Bob’s memory of meeting Beauford is intricately tied to Beauford’s friend Earl Kirkham. (Kirkham was the New York painter that Beauford happened to run into at the Dôme café on his first night in Paris.)

According to Bob, Kirkham was well-known and respected among the American artists in Paris. He taught at the Académie Colarossi, sister school to the Académie de la Grande Chaumière located two doors down the street, where Bob was enrolled. Bob met Beauford either at the Académie Colarossi or the adjacent Wadja Restaurant, but he does not recall the details. Wadja was a very modestly priced restaurant during the 1950s and served as the “headquarters” for those studying at the Grand Chaumière and the Colarossi. Beauford lived nearby at the Hôtel des Ecoles and was always in search of a low-cost meal, so it is likely that the two men met there.

Wadja Restaurant
© Discover Paris!

Though Bob now knows that Beauford was no more than 52 years old when they first met, at the time, he thought that Beauford was around 80 years of age! He thought the same thing about Kirkham, and attributes this to the fact that both men had a certain reputation in the New York art world. He did not know that Beauford and Kirkham had known each other prior to coming to Paris, and said that he found both men to be unpretentious and approachable, despite their “stature.”

Bob visited Beauford many times in Beauford’s studios at the Hôtel des Ecoles and at rue Vercingétorix. He recalls the latter studio being about twice the size of the former, but says that the two places had one special thing in common – the color white. At the Hôtel des Ecoles studio, the walls were covered with traditional French wallpaper (which generally had a busy, colorful pattern). Bob remembers that Beauford covered the walls with white paper so as “not to be distracted” by the walls when he worked. Similarly, at rue Vercingétorix, Bob recalls that Beauford draped everything in the apartment that he could with white sheets.

Bob’s fondest memories of Beauford are at rue Vercingétorix, where he would often stop by on his way home between 5 PM and 7 PM. He said that Beauford was a good cook and he would often prepare a meal that he and Bob would share. Bob noted that though Beauford liked wine, he would never serve wine with these meals.

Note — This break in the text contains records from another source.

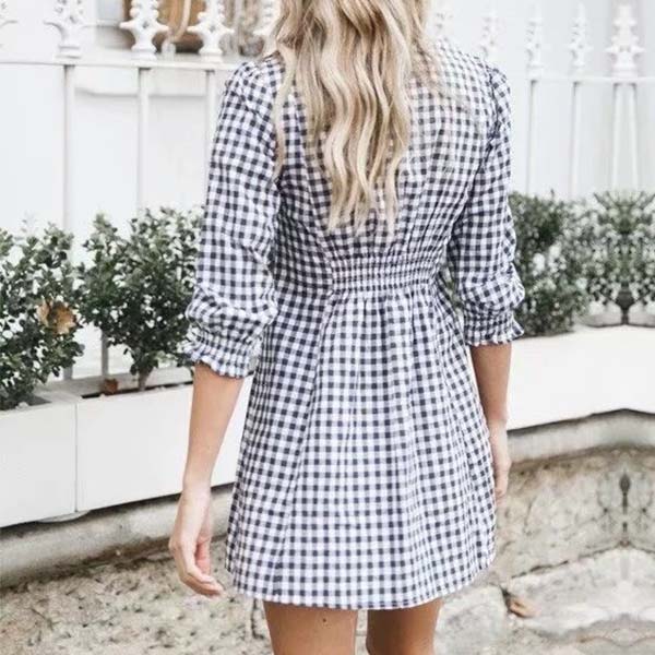 This dress is designed with plaid element,stylish and popular,while the 3/4 sleeve and deep v-neck
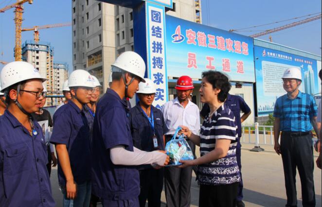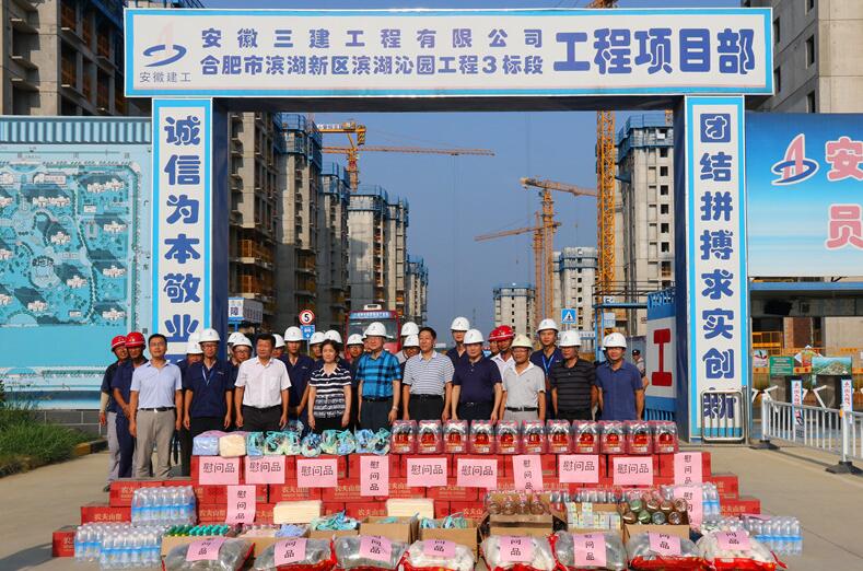8月7日下午,省住建廳黨組書記、廳長趙馨群,副廳長吳桂和一行在集團公司總經(jīng)理、黨委副書記劉家靜,安徽三建公司董事長、黨委書記左登宏等陪同下,來到安徽三建公司濱湖沁園產(chǎn)業(yè)化項目,看望和慰問奮戰(zhàn)在施工一線干部職工,調(diào)研集團公司夏季防暑降溫工作,實地察看了施工現(xiàn)場并送來防暑降溫用品。
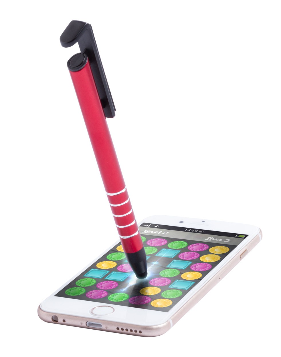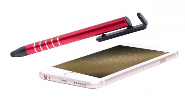 Pix din aluminiu cu touch, cu suport pentru telefon mobil și curățător pentru ecran. Mină albastră.
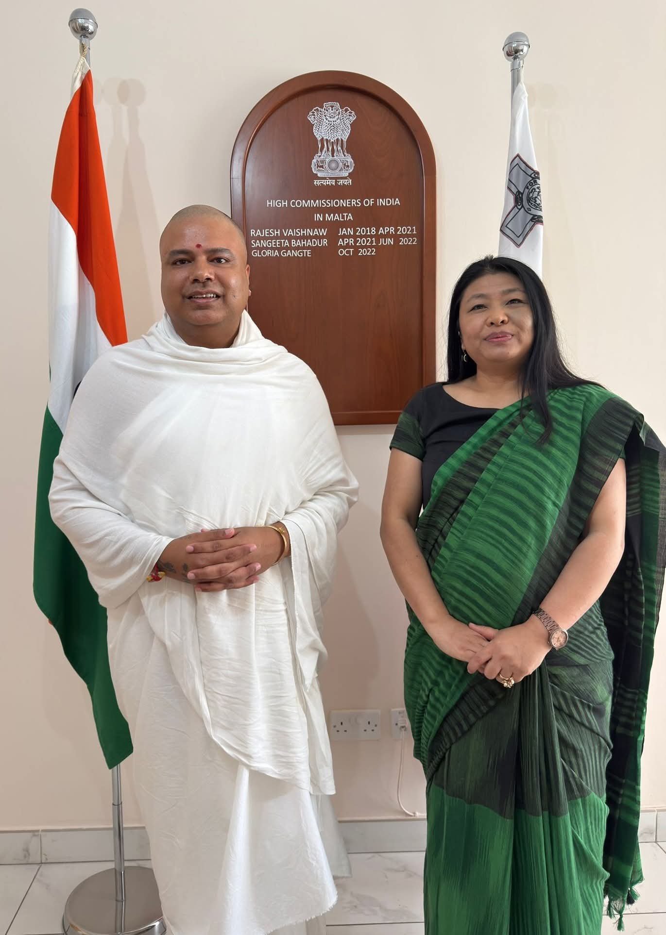 High Commissioner Mrs. Gloria Gangte Meets Swami Ram Govind Das Ji at HCI Malta
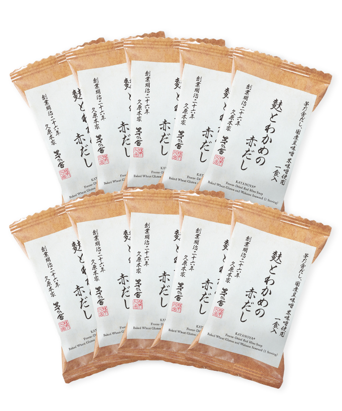 鰹のうまみ豊かな茅乃舎だしとの相性を考えた程よい酸味の豆味噌を合わせ、具は焼き麩とわかめでシンプルに。赤だしを手軽にお楽しみいただけます。
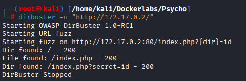 Es decir, la URL http://172.17.0.2/index.php?secret=id parece ser reconocida por la aplicación.
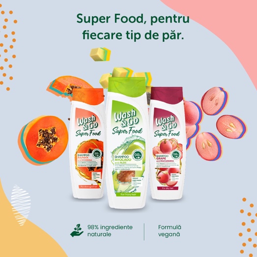 Inspirate din natură, produsele Wash&Go Super Food, oferă părului nutrienții de care are nevoie pentru o vitalitate și hidratare în profunzime. Datorită formulei cu 98% ingrediente naturale, fără silicon, sulfați și uleiuri minerale, Wash&Go se numără în categoria brandurilor care prioritizează sustenabilitatea și energia naturii, acordând atenție nevoilor diferitelor tipuri de păr.
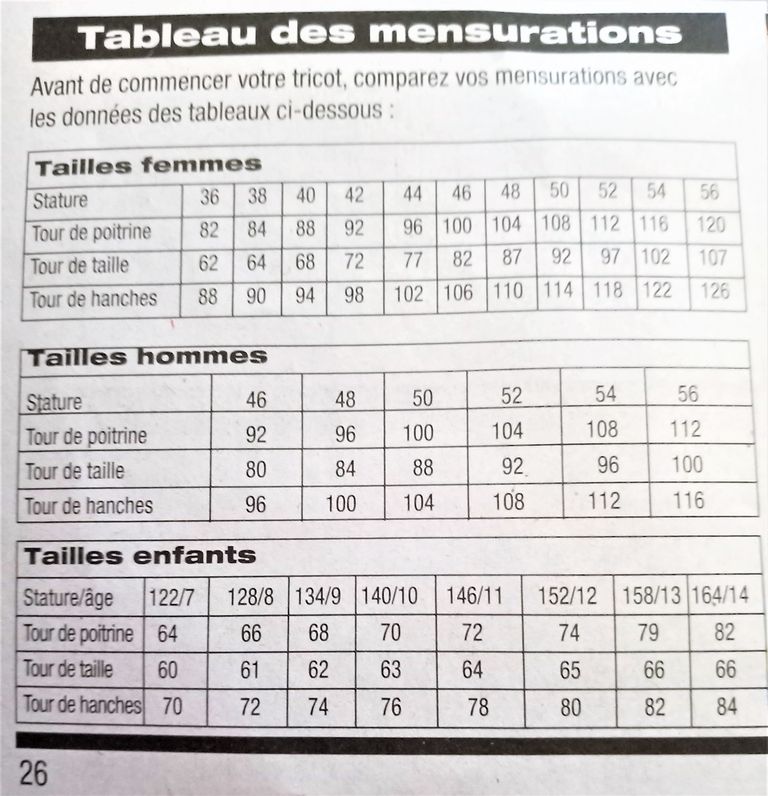 Le tableau des tailles
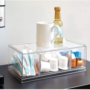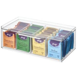 Organize your kitchen in style with the iDesign Crisp Stackable Tea Packet Storage Organizer Drawer with Lid. This three compartment organizer is great for storing tea bags, sugar packets, sweeteners, and more. This container is perfect for use on the countertop next to the tea kettle or on cabinet and pantry shelves. The removeable dividers allow for customizable storage. The hinged lid allows for convenient access when used on its own, while the slide-out front drawer provides easy access when multiple bins (sold separately) are stacked together. Made with durable BPA-free clear plastic, this organizer is designed for every day use and is easy to clean with mild soap and warm water. Measuring 12.59″ x 6.23″ x 4.57″, this tea bag organizer is perfect for compact spaces on the kitchen counter. With iDesign by InterDesign, you can #LiveSimply every day.
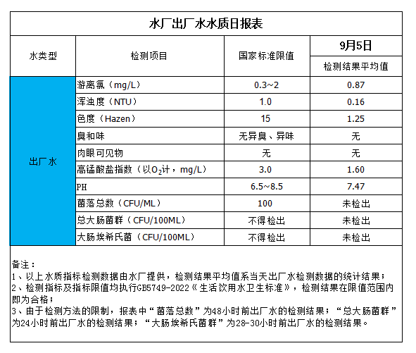 水廠出廠水水質(zhì)日?qǐng)?bào)表(2023-9-5)
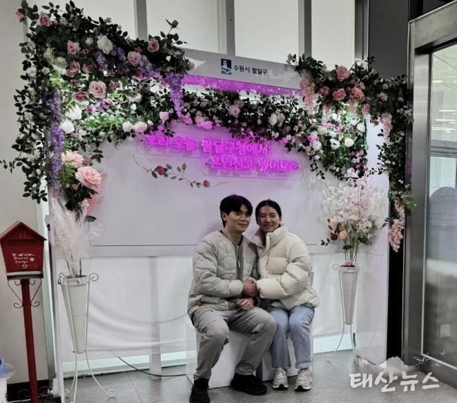 태산뉴스 이동욱 기자 | 수원시 팔달구는 팔달구청 종합민원실 내 ‘혼인신고 기념 포토존’을 운영하고 있으며, 신혼부부에게 아름다운 추억을 남기는 명소로 자리매김하고 있다.
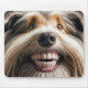 A close-up of a fluffy Bearded Collie dog with long fur humorously shows it grinning with human-like teeth
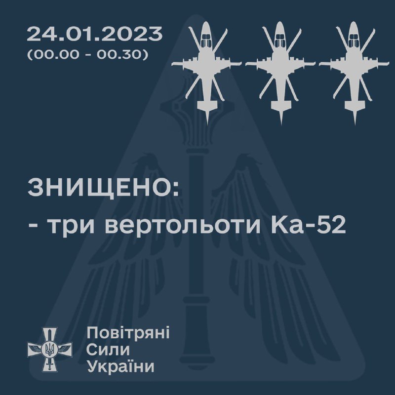 Сьогодні, 24 січня, Повітряні Сили України повідомили, що за пів години протиповітряного бою, з 00.00 до 00.30 години, наші ЗСУ на східному напрямку знищили 3 російські ударні вертольоти Ка-52.
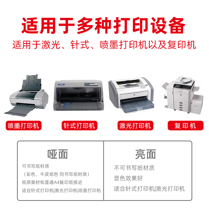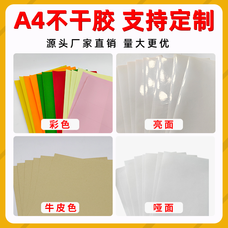 A4彩色不干胶打印纸标签切割喷墨激光条码纸混色红色橙色黄色绿色紫色蓝色粉色书写广告贴纸背胶空白办公室a4
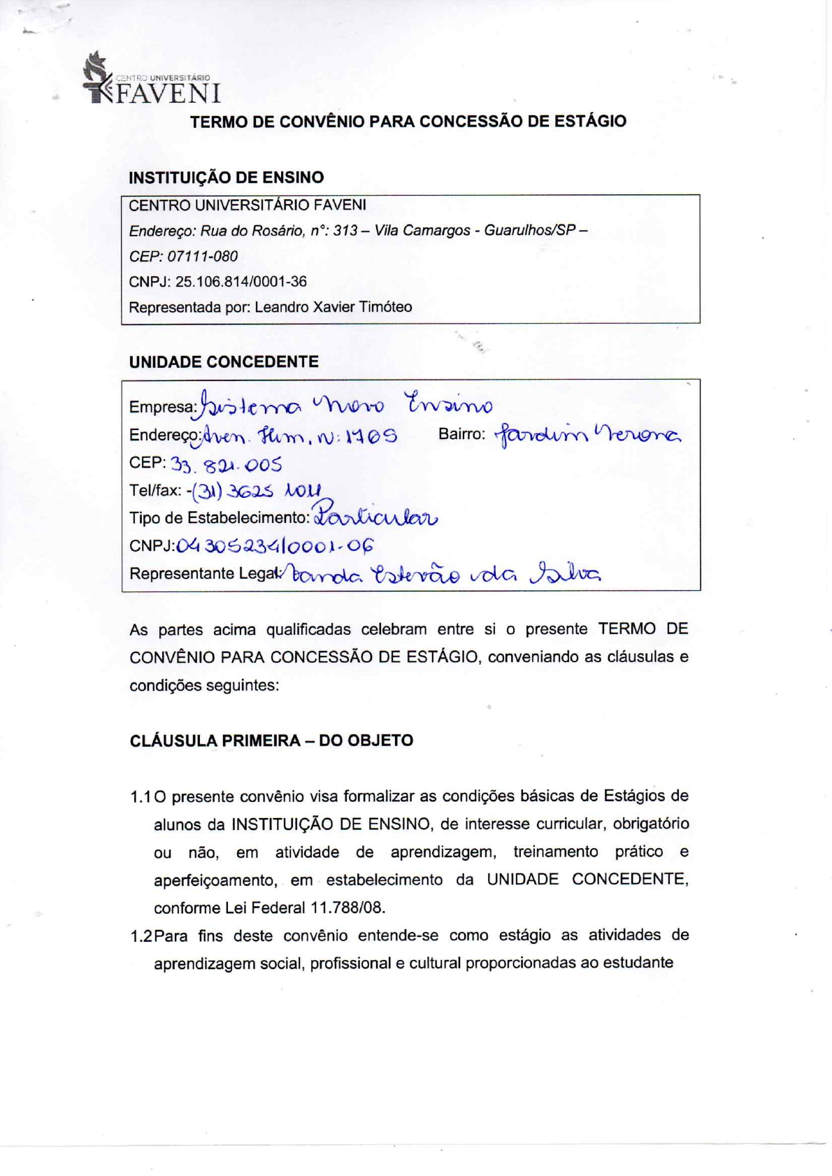 2 CARTA DE APRESENTAÇÃO Ribeirão das Neves, 11 de março de 2024. Ilmo. (a) Sr. (a) Diretor (a) Vanda Estevão da Silva Servimo-nos desta para apresentar o (a) Sr (a). Karina Bruna Botelho da Silva, aluno (a) do (a) Curso de Segunda Licenciatura em Educação Especial. Solicitamos a colaboração de V.Sa. no sentido de que seja autorizada a realização de estágio nesta Instituição, em cumprimento das exigências curriculares, facilitando-lhe a oportunidade de vivenciar a realidade educacional, condição imprescindível para futura atuação profissional. Sem mais para o momento, 4 FICHA DE CARACTERIZAÇÃO DA ESCOLA (01 FICHA PARA CADA INSTITUIÇÃO ESTAGIADA) 1. Da Identificação do Estabelecimento e da Mantenedora 1.1. Denominação: Sistema Novo Ensino 1.2. Endereço: Avenida Hum Nº: 1769 Bairro: Jardim Verona CEP: 33821005 Fone: (31) 3625-2011 1.3. Entidade Mantenedora: Instituto Educacional Maria Madalena LTDA 1.4. Unidade responsável pela supervisão da instituição escolar: Superintendência Regional de Ensino – Metropolitana C 2. Dos Graus e Cursos 2.1. A escola mantém: Educação Infantil (X) Ensino Fundamental I (X) Ensino Fundamental II (X) Ensino Médio ( ) E.J.A. ( ) 2.2. Número de classes e de alunos: GRAU CLASSES ALUNOS Educação Infantil 3 35 Ensino Fundamental I 4 63 Ensino Fundamental II 4 52 Ensino Médio _______ _______ TOTAL 11 150 3. Da Estrutura Física 3.1. Prédio: Próprio (X) Sim ( ) Não Adaptado (X) Sim ( ) Não 5 Tipo de construção (alvenaria, madeira, outro) Alvenaria Atende a necessidade da clientela? (X) Sim ( ) Não ( ) Razoavelmente Estado de conservação do prédio: (X) Bom ( ) Regular ( ) Péssimo Número de andares: 02 Número de salas de aula: 09 Sala ambiente: 01 Dependência para apoio-pedagógico: 01 Laboratório de Ciências: 00 Laboratório de Informática: 01 Salas para Orientação Educacional: 00 Salas para Coordenação Pedagógica: 01 Biblioteca: 01 Dependências Sanitárias: Masculino: 02 Feminino: 02 Filtros de água e bebedouros: 02 Áreas disponíveis: Pátio (X) Quadra descoberta (X) Quadra coberta ( ) Piscina ( ) Campo de Futebol ( ) Tanque de areia ( ) Playground (X) Outros ______________________________________________ 3.2. Equipamentos Mobiliário (avalie os aspectos qualitativos) O mobiliário está em bom estado de conservação. Outros equipamentos: Não apresenta. 6 Recursos audiovisuais: A escola dispõe de recursos audiovisuais como retroprojetores, som e Datashow. 4. Da organização Administrativa e Apoio Pedagógico 4.1. Diretor ( ) Efetivo ( ) Substituto ( ) Designado (X) Outro: Contratado Principais atividades: O diretor escolar é o líder da escola, e como tal tem a responsabilidade de administrar todas as atividades que a instituição realiza, guiando o trabalho e a função de todos que compõem a comunidade escolar. Suas principais atividades são: Organizar a rotina escolar; Garantir o cumprimento de leis e diretrizes de ensino; Realizar o levantamento dos materiais que devem ser comprados; Implementar a tecnologia para otimizar os processos administrativos; Administrar os recursos da escola; Garantia do uso correto dos recursos disponibilizados; Zelar pela manutenção do patrimônio da instituição; Identificar e suprir as necessidades da comunidade escolar; Definir estratégias para captação e retenção de alunos; Integrar todos os componentes da gestão escolar para atuarem em conjunto. 4.2. Assistente de Direção: (X ) Efetivo ( ) Designado ( ) Substituto Principais atividades: Substituir o diretor em sua ausência; Supervisionar a limpeza da escola; Monitorar o ponto dos professores; Buscar soluções para faltas e substituições; Coordenar o fluxo de alunos; Supervisionar a merenda escolar; Controlar o estoque de materiais. 4.3. Coordenador Pedagógico (X) Sim ( ) Não Principais atividades: Guiar e motivar os docentes, inclusive criando condições para que os educadores continuem em formação e realizem processos de atualização; Acompanhar o desempenho dos alunos; Selecionar os métodos e materiais a serem utilizados; Monitorar o desempenho dos professores; Fazer a ponte de comunicação entre todos os envolvidos no processo educacional; Estruturar o projeto político- pedagógico da escola. 4.4. Orientador Educacional 7 ( ) Sim (X) Não Principais atividades: ___________________________________________________________ 4.5. Outros (psicólogo, psicopedagogo, fonoaudiólogo etc.): Não há. Principais atividades: _________________________________________________ _____________________________________________________ 4.6. Bibliotecário (X) Sim ( ) Não Principais Atividades: Disponibilizar a informação, atuar como mediador no processo de leitura, aprendizagem, facilitador do acervo bibliográfico, organizador e colaborador nas atividades culturais; tem habilidade para auxiliar na prática do currículo escolar. 4.7. Corpo Docente: Professores de Educação Infantil: 03 Professores de Ensino Fundamental I: 05 Professores de Ensino Fundamental II: 09 Professores de Ensino Médio: 00 Auxiliares: 05 Total: 22 4.8. Pessoal de Apoio Administrativo e Serviços Auxiliares: Secretária Escolar (X) Sim ( ) Não Contador (X) Sim ( ) Não Tesoureiro ( ) Sim (X) Não Auxiliares Administrativos (X) Sim ( ) Não Inspetor de alunos ( ) Sim (X) Não Serventes/inspetores (X) Sim ( ) Não Zelador ( ) Sim (X) Não Porteiro (X) Sim ( ) Não Segurança ( ) Sim (X) Não 8 RELATÓRIO DE CARACTERIZAÇÃO DA ESCOLA (01 FICHA PARA CADA INSTITUIÇÃO ESTAGIADA) A escola Sistema Novo Ensino, atende alunos em sua maioria filhos de comerciantes e condôminos nos bairros ao redor da escola e alguns bairros mais distantes. Os profissionais são compromissados e realizam o trabalho com dedicação. O Projeto Politico Pedagógico da escola encontra-se atualizado (2022), foi e é desenvolvimento com membros da escola e da comunidade escolar (pais e alunos). A escola é um espaço relacional, onde alunos de dife

Beauford had a nice chair in his studio and an easel set up nearby. Bob recalls that Beauford would invite him to sit down and then immediately go over to the easel and begin to sketch or paint him. He always thought it was interesting that Beauford would never ask permission to paint him – he’d just begin working. He painted Bob several times without asking! Unfortunately, the whereabouts of these portraits are unknown.

Once, Bob sat for a portrait in a black pullover one time, but when he saw it, he found that Beauford had painted the pullover in red. Bob indicated that he recognized this as an example of a very important aspect of Beauford’s artistic persona – he said that Beauford did not feel the need to paint “reality” – to copy exactly the forms and colors in front of him. He painted what he “felt,” which is what made him the important artist that he was.